Basic Science Reports |
From the Divisions of Cardiothoracic Surgery and Adult Cardiology, Medical University of South Carolina, Charleston.
Correspondence to Francis G. Spinale, MD, PhD, Cardiothoracic Surgery, Strom Thurmond Research Building, 770 MUSC Complex, Suite 625, Medical University of South Carolina, Charleston, SC 29425. E-mail mukherr{at}musc.edu
Background A potential mechanism for left ventricular (LV) remodeling after myocardial infarction (MI) is activation of the matrix metalloproteinases (MMPs). This study examined the effects of MMP inhibition (MMPi) on regional LV geometry and MMP levels after MI.

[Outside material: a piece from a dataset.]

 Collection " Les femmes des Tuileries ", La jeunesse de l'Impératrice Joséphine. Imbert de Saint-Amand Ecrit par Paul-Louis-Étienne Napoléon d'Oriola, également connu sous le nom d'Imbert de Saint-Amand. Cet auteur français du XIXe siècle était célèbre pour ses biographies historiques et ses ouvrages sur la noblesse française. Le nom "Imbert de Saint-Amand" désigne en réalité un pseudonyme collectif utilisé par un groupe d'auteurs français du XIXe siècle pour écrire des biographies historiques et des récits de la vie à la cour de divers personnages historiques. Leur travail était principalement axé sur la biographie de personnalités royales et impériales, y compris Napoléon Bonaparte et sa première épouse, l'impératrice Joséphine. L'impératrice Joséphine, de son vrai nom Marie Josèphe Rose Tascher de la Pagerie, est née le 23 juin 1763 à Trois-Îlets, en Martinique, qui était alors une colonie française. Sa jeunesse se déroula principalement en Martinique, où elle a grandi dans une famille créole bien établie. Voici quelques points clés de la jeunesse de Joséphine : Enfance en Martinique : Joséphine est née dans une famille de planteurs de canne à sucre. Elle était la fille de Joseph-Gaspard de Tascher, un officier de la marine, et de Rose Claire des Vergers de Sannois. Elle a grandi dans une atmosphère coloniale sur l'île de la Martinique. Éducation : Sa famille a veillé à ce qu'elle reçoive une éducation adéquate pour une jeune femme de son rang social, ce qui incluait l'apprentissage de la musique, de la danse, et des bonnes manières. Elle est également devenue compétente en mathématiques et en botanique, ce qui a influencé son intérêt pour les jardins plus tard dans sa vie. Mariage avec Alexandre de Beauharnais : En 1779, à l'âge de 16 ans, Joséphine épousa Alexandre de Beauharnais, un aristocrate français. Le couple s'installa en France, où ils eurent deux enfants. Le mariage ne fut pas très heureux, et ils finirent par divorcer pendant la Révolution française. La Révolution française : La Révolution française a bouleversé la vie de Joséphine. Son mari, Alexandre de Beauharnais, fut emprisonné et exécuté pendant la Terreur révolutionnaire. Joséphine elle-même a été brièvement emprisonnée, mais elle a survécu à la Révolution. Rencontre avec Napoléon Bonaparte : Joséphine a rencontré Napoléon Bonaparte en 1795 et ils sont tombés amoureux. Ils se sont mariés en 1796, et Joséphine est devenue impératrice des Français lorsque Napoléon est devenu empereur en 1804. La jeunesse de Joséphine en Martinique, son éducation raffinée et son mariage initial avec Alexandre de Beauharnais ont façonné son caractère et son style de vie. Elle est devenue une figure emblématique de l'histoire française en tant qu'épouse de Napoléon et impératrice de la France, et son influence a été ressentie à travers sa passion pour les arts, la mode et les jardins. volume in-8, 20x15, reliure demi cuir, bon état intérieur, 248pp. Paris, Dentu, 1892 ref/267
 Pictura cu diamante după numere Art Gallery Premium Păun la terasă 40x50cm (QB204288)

Methods and Results In pigs instrumented with radiopaque markers to measure regional myocardial geometry, MI was created by ligating the obtuse marginals of the circumflex artery. In the first study, pigs were randomized to MMPi (n=7; PD166793, 20 mg · kg-1 · d-1) or MI only (n=7) at 5 days after MI, and measurements were performed at 2 weeks. Regional MI areas were equivalent at randomization and were increased in the MI-only group at 2 weeks after MI compared with the MMPi group. In the second study, pigs randomized to MMPi (n=9) or MI only (n=8) were serially followed up for 8 weeks. At 8 weeks after MI, LV end-diastolic dimension was lower with MMPi than in the MI-only group (4.7±0.1 versus 5.1±0.1 cm, P<0.05). Regional MI area was reduced with MMPi at 8 weeks after MI (1.3±0.1 versus 1.7±0.1 cm2, P<0.05). MMPi reduced ex vivo MMP proteolytic activity. In the MI region, membrane-type MMP levels were normalized and levels of the endogenous tissue inhibitor of MMPs (TIMP-1) were increased compared with normal levels with MMPi. These effects were not observed in the MI-only group.
Conclusions MMPi attenuated the degree of post-MI LV dilation and expansion of the infarct during the late phase of MI healing. In addition, exogenous MMPi caused region-specific modulation of certain MMP and TIMP species.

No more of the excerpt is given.